At present these services are often procured separately and across areas of various different sizes.
Dame Barbara wrote: “Further procurements of NHS 111 and OOH services should be suspended, whatever stage of the procurement has been reached, until the end of September, to allow completion of the consultation and the release of the revised commissioning standards and supporting procurement advice for integrated services.”
The letter, seen by HSJ, marks the start of a consultation exercise.
The letter also indicates NHS England believes commissioners should group together to plan and contract 111 and out of hours services across larger areas, potentially as large as the emerging “urgent and emergency care networks”.

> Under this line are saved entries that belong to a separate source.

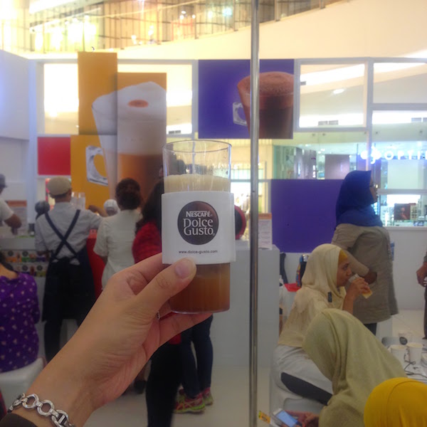 Waktu bulan April lalu, sebenarnya saya sempat datang ke acara Dolce Gusto di atrium Senayan City sekalian gathering bersama teman-teman blogger lain. Coba saya tahu bakal dibelikan mesinnya, mungkin saya sudah borong beli kapsulnya tuh :))) Nah saya sempat coba dua macam minuman di sana, yaitu Peach Beer Wannabe dan Peach Tea (kalo gak salah), enak-enak dan segar deh! Jangan salah ya, kedua minuman tadi penyajiannya dalam kondisi dingin dan diberi es tuh, makanya jelas segar. Peach Beer Wannabe itu sendiri rasanya campuran antara Peach Tea dan Espresso (seperti saya intip dari blog Chika ini) – buat yang gak gitu suka kopi, ini enak deh soalnya rasa kopinya tidak dominan, bercampur dengan segarnya rasa peach! :D
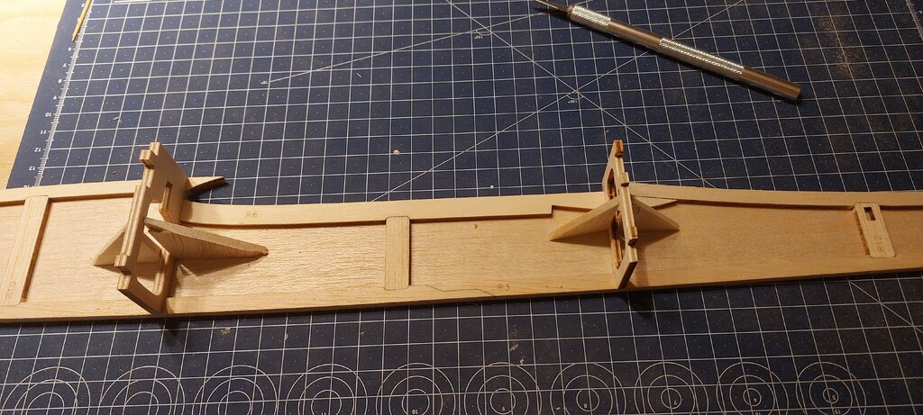 Kolejne małe postępy w budowie: 1. Wklejone wzmocnienia kadłuba po obu stronach. 2. Przygotowane i wklejone dwie główne wręgi. 3. Wklejone mocowanie śruby pod płat. Całość powoli zaczyna nabierać kształtu Może trochę na to późno, ale nasunęło mi się pytanie: instrukcja zaleca mocowanie poszczególnych elementów na cyjano-akryl i wszystko świetnie fantastycznie, ale nigdy nie miałem serca do tego wynalazku i ciężko mi się z nim pracuje. Po prostu brakuje mi czasu na dokładne przyłożenie elementów, a wszelkie poprawki są z oczywistych względów niemożliwe. Zamiast tego, stosuję stary dobry biały klej do drewna dający więcej swobody. Do brzegu- czy ktoś ma doświadczenie, jak taka podmiana wpływa na ogólną wytrzymałość konstrukcji? O ile w ogóle. Konsekwentnie, zastanawiam się, czy wykorzystanie kleju do drewna nie jest zauważalnie cięższe. Spodziewam się odpowiedzi: "jak kto woli- różnice są niezauważalne" ale zjada mnie ciekawość. Na koniec dodam tylko, że elementów wklejanych na epoxy, tam, gdzie wydaje mi się, że może mieć to znaczenie (jak łoże silnika) lub tam, gdzie jest to wygodne nie "podmieniam" i stosuję się do instrukcji.
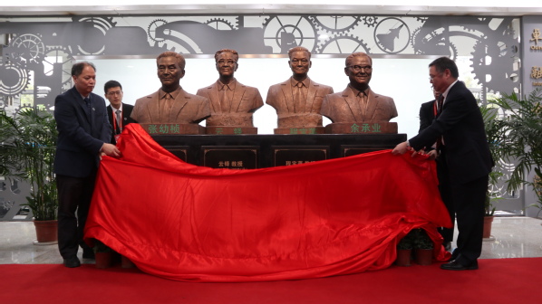 许希武、戴亚隆共同为学科奠基人铜像揭幕,并向铜像深深鞠躬。现场响起了持久不息的掌声,一起向四位奠基人艰苦创业、白手起家的卓越贡献表达感恩,向他们坚定的理想理念、严谨的治学精神、高尚的师德师风表达敬意。

It said: “The lead or coordinating commissioner arrangement should be considered, in which commissioners serving a wider area are brought together to commission an integrated service.
“This has been shown in a number of areas to be an effective model for engaging with providers, particularly those that deliver services over an area covering a number of clinical commissioning groups, and to effect strategic change.”
It states that the ongoing NHS England urgent and emergency care review “envisages that an area covered by an urgent and emergency care network will, in most cases, be the most appropriate level for agreeing how a service… should be commissioned”.
Dame Barbara’s letter also said commissioners should consider moving to a “lead provider arrangement” for contracting the services, or “using the procurement process [in other ways] to encourage NHS 111 and OOH organisations to collaborate”. However, it clarified that NHS England had “no expectation” that any organisations should merge.